Logs within the platform
- Databases are often configured today and debugged later. This means 3rd party logging may not be configured for the performance issues from yesterday. But, if logs are available in the platform, it will always have your back.
Role based permissioning inside native Postgres is superuser, then everyone else.
- Does the provider offer real superuser or a limited pseudo-superuser? In conjunction with unknown "Postgres-compatible" services, you have limited access to a database software no one else outside the provider has access to, or has tested.
Limitations of access
- For security purposes, Postgres hosting vendors put in limitations to access. Knowing the explicit limitations are important for future growth.
Backup & Restore
Those are not simple operations, and when you need them, you REALLY need them to be correct and to work. There are many caveats to proper backup & restore, and not all of them are immediately obvious.
- Postgres backups can be snapshots from the Postgres data directory, exports to SQL (pgdump), or using transactional logs (WAL). Point-in-Time-Restore (i.e. restore database to 5pm yesterday) requires a combination of snapshots and transaction logs. Knowing how backups happen is important for understanding capabilities.
- Are there additional costs for backup storage? Often hosting providers charge additional fees for backups or to extend the retention period of the backups.
- Some retention times are required by regulation, and others are required for sound business practices. Check that the hosting provider maintains retention of snapshots and WAL files for the use case.
Access to backup files
- Just because the hosting vendor backs up the files does not mean customers have access to the files. Without access to these backup files, customers are stuck using pg_dump, which means restoring in case of disaster will be slow, and very limiting in functionality.
- Restore processes are based on capabilities of the vendor. Typical questions are: do restores happen to new hosts or overwrite the existing host? Is point-in-time-restore actually possible? Restore to a different region?
High-availability functionality is unique to the Postgres hosting vendor. Some use off-the-shelf tools, which limit tunability.
- There are a number of HA systems for Postgres. How quickly will the HA system respond and attempt to automatically recovery the cluster? Make sure you test recovery often and have statistics on timing.
- Postgres can replicate using streaming, logical, or statement-based replication, each having pros and cons. Which does the hosting provider use and does that fit your needs?
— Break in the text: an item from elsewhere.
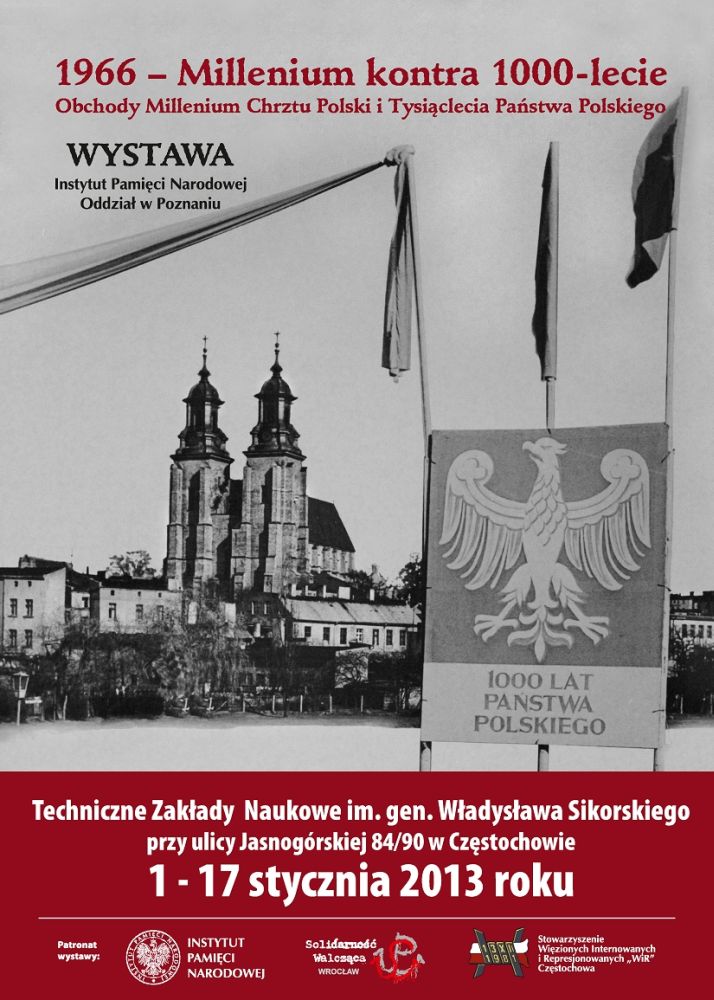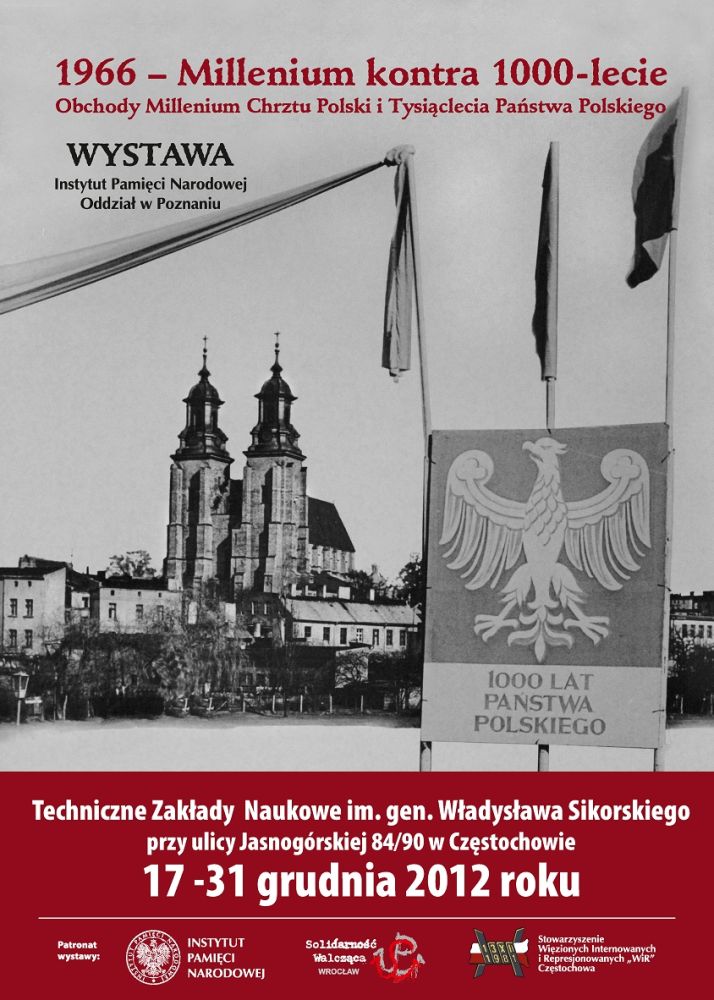 W dniach od 17 grudnia 2012 r. do 17 stycznia 2013 r. w Technicznych Zakładach Naukowych im. gen Władysława Sikorskiego w Częstochowie (ul. Jasnogórska 84/90) prezentowana będzie wystawa „1966 – Millenium kontra 1000-lecie”. Autorami ekspozycji są historycy z Oddziałowego Biura Edukacji Publicznej IPN w Poznaniu – dr Stanisław Jankowiak i Filip Leśniak. Wystawa przedstawia uroczyste obchody tysiąclecia przyjęcia przez Polskę chrześcijaństwa w 1966 r. oraz wysiłki podejmowane przez władze komunistyczne, aby przeszkodzić tym uroczystościom.

Streaming replication is a high-integrity system for replication that checks commits across the cluster against an internal timeline.
- Does the hostname change? Does the failover system have the same system resources as the initial host? When building systems that rely on the database, it is important to program your secondary systems to behave properly as well.
With the cloud, high-availability is no longer a disaster because of the advanced systems. Thus, disasters are client-side issues, like dropping a database, or vendor-side issues, like a data-center failing.
Disaster recovery process
- Will the vendor assist with client-side failures or only on vendor-side failures? If so, what is the initiation process and the SLA for a response time.
Customer-facing tools for client-side failures
- Most client-side failures can be resolved with point-in-time-restore (i.e. restore to the time before the failure). Does the vendor include API programmability to take snapshots of your database prior to large migrations?
Ability to Migrate
Not all vendor relationships work. Many database hosting vendors make it super easy to import data, but export data is a downtime event.
Open Source Postgres
- Migrating from a Postgres-compatible database to an Open Source Postgres database is not as easy as it sounds. Thus, know there probably is not a reverse switch.
- For large databases (greater than 100GB), it is typically best to replicate a database using streaming replication or access to WAL files. This enables minimal downtime migrations. If the vendor claims pgdump is the only migration path for larger databases, migration will require significant downtime.